Athens, March 9. Greek Prime Minister, conservative Kyriakos Mitsotakis, again asked Greeks for forgiveness on Thursday for the train tragedy that killed 57 people on March 1 and said he takes “political responsibility” for what happened.

“We don’t want to hide behind a series of human errors. If the work to install the remote control system had been completed, this accident would not have happened,” he said during a Council of Ministers.

However, Mitsotakis, in power since 2019, assured that the security problems of the rail network are also the fault of the former executives, an accusation to which the left-wing Syriza party, which led the previous government, responded.

“Mitsotakis must understand that he did not become prime minister the day before yesterday, but that he has been in power for four years,” replied Popi Tsapanidu, party spokesman.

Meanwhile, trains remain paralyzed across the country during the ninth day of the railway workers’ strike, which will continue the strike tomorrow.

Mitsotakis stressed that the railways should start operating “as soon as possible” with additional security measures and two station masters, instead of one, on each shift.

He also promised that modernization works on the Greek railway would be completed by the end of this summer.

In this sense, he said he had contacted the general manager of the French multinational Alshtom, with which the Greek State signed a contract in 2014 to improve signaling on the Athens-Thessaloniki section, where the accident occurred.

The work should have been completed in 2016 and some Greek media claim that the contract is under investigation by the European Public Prosecutor’s Office, since it is 85% financed by Community funds.

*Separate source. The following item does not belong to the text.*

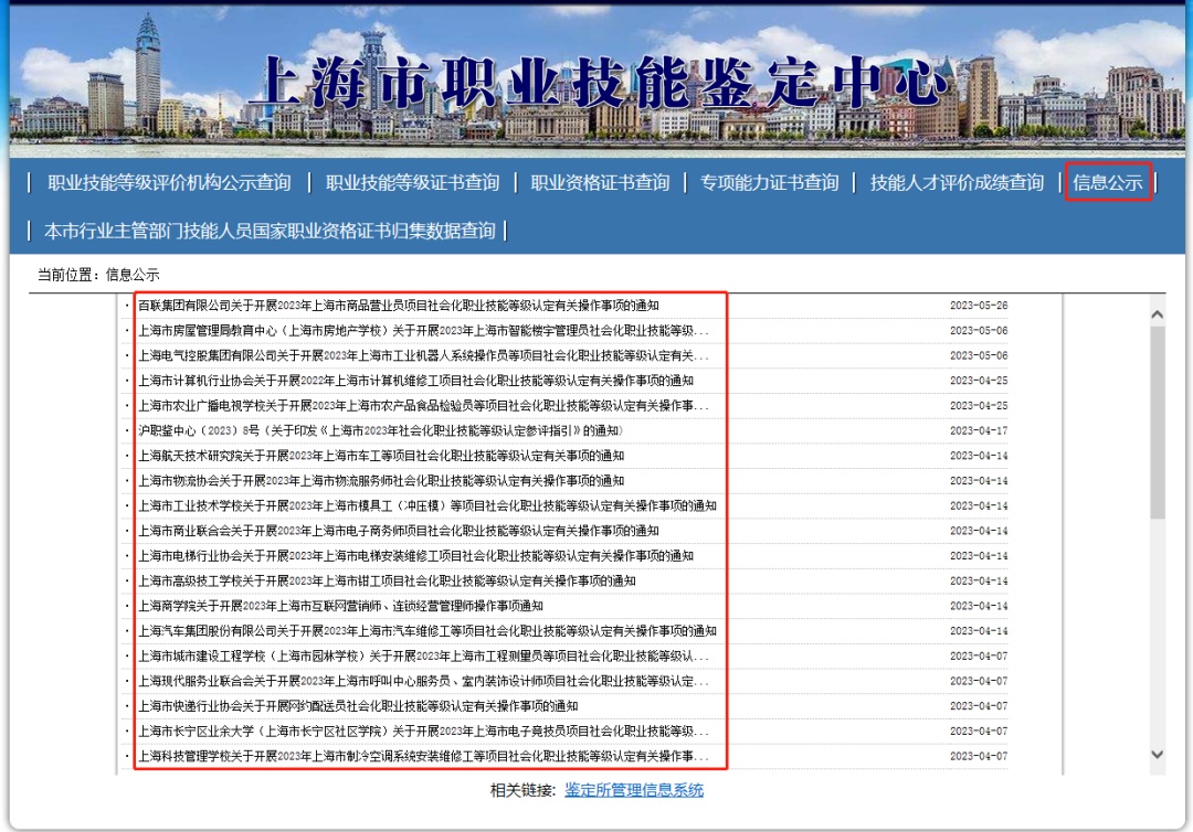点击“信息公示”,可查看各社会评价机构发布的年度认定通知。
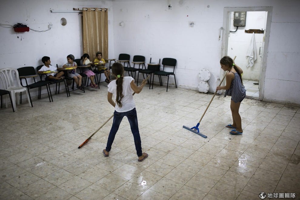 小女生們正在打掃防空洞,他們和其他人因為空襲攻擊的關係,躲到市區中的防空設施內。目前以巴雙方的衝突激烈化,8號的空襲中已知至少有16名加薩走廊的居民身亡。

More than 40,000 people, according to the police, and up to 60,000, according to some media, demonstrated yesterday in the center of Athens, to protest against the conservative government.

Although the Prime Minister stressed that the young people – who turned out in droves for the demonstration – “are absolutely right” to be angry, he said that “anger cannot become a new division for the country”.

The accident and the wave of indignation it triggered come a few weeks before the scheduled date of the next legislative elections, on April 9, even if, according to Greek media, the government is considering a postponement to May.

So far, the only person accused of the accident is the director of the station of Larisa, the city where the accident occurred, and who admitted before the prosecutor’s office to having put the passenger train on the same track than a convoy of goods arriving in the opposite direction.